Wong Davies was named one of Varietys 2025 Brits to Watch.

==Early life==
Wong Davies was born in central London to a Cantonese-speaking Chinese mother and a Welsh father. She has maternal family in Singapore, Malaysia and Hong Kong.

== Career ==
Wong Davies' debut play was i will still be whole (when you rip me in half), which premiered at the Bunker Theatre in London on 12 November 2019. It follows a mother and daughter, played by Tuyen Do and Aoife Hinds respectively, who explore their strained relationship through a series of monologues. The script was described as having an "exactness", and using dark humour to capture the character of the daughter EJ. She has been a member of the Soho Theatre Writers Lab 18/19, the Bush Theatre Emerging Writers Group 19/20, and the Royal Court Writers Group 20/21.

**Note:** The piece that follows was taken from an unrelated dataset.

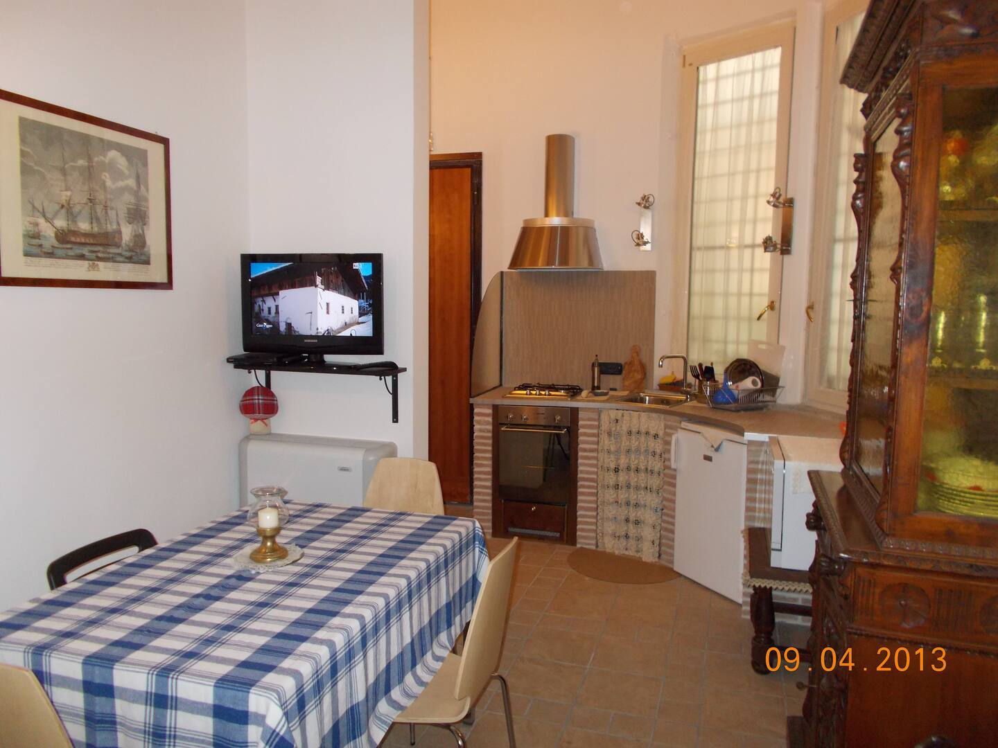Il salotto, accogliente e luminoso ☀️, con un divano-letto ad una piazza e mezzo 🛏️, un tavolo da pranzo che può ospitare fino a 4 persone 🍽️ e una TV 📺.

In November 2020, Wong Davies' coming-of-age story Half Blue was released on Audible as part of GNR8T: Series 2, through a partnership with the London Academy of Music and Dramatic Art. Her play small hours was commissioned by the Oxford Playhouse and the IF Oxford Science and Ideas Festival and was performed by the Mandala Theatre Company in October 2020, directed by Yasmin Sidhwa over Zoom. In 2020, her play scum was shortlisted for the Verity Bargate Award, the Tony Craze Award and the Women's Prize for Playwriting. Her play Rime of the Second Sister was produced by 45North and starred Martina Laird, Alice Vilanculo, Witney White and Sky Yang.

Wong Davies wrote the play Graceland, which premiered at the Royal Court Theatre in March 2023. The play is performed as 75 minutes monologue, which follows a British-Chinese woman portrayed by Sabrina Wu who falls in love with a poet living off his family's money. It received mixed reviews. Wong Davies won the Ambassador Theatre Group Playwright's Prize for the play.

Wong Davies served as Consulting Producer on the third season of the HBO and BBC television drama series Industry.

As a theatre critic, Wong Davies writes for Exeunt Magazine, The Independent, The Stage, and gal-dem. She won the Sunday Times' Harold Hobson Award for theatre criticism in 2018.